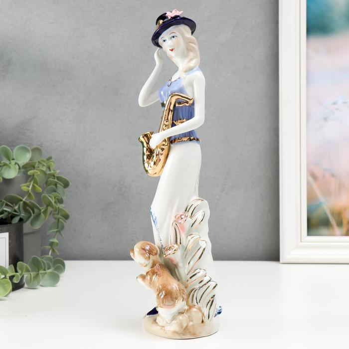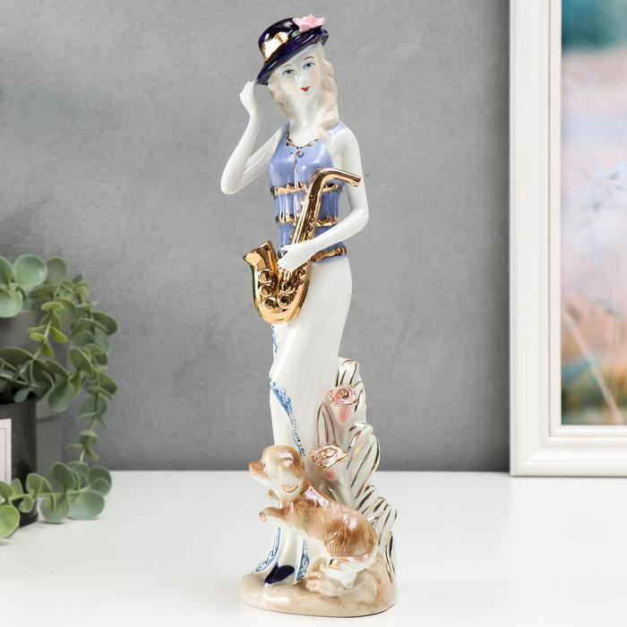 Сувенир керамика "Девушка с саксофоном и собакой" 30х8х8 см
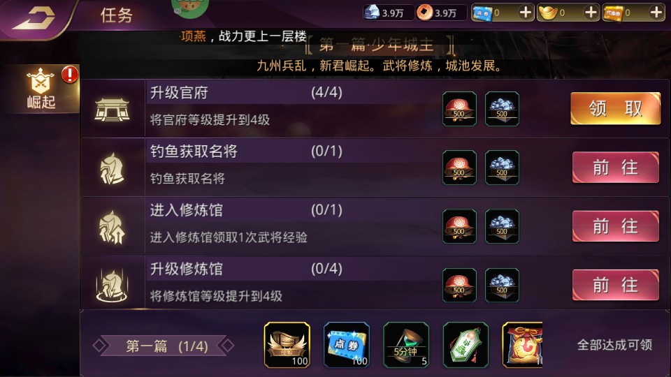 3、完成官府升级任务后,还可领取丰厚奖励,加快发展速度。
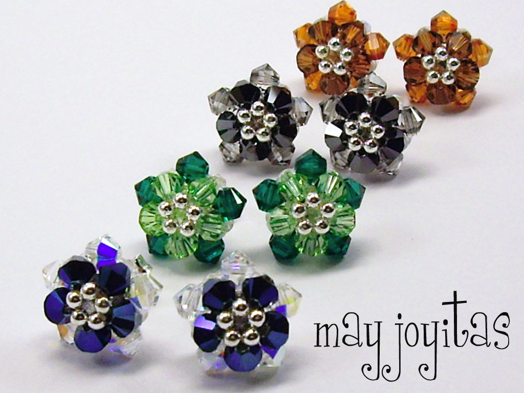 Siguiendo con el cristal swarovski os enseño estos pendientes, que son del tipo que me gustan, pequeños y "pegaditos" a la oreja, y que para las niñas gustan mucho. Los hay de dos tipos: los de una flor con cuatro pétalos y los de una flor con cinco pétalos, lo dejo a vuestra elección. Las fornituras son de plata, para que no haya problemas de alergia.

- - - -

Produce a verbatim transcription of every line in the listing, images omitted.

 Сувенир керамика "Девушка с саксофоном и собакой" 30х8х8 см
 3、完成官府升级任务后,还可领取丰厚奖励,加快发展速度。
 Siguiendo con el cristal swarovski os enseño estos pendientes, que son del tipo que me gustan, pequeños y "pegaditos" a la oreja, y que para las niñas gustan mucho. Los hay de dos tipos: los de una flor con cuatro pétalos y los de una flor con cinco pétalos, lo dejo a vuestra elección. Las fornituras son de plata, para que no haya problemas de alergia.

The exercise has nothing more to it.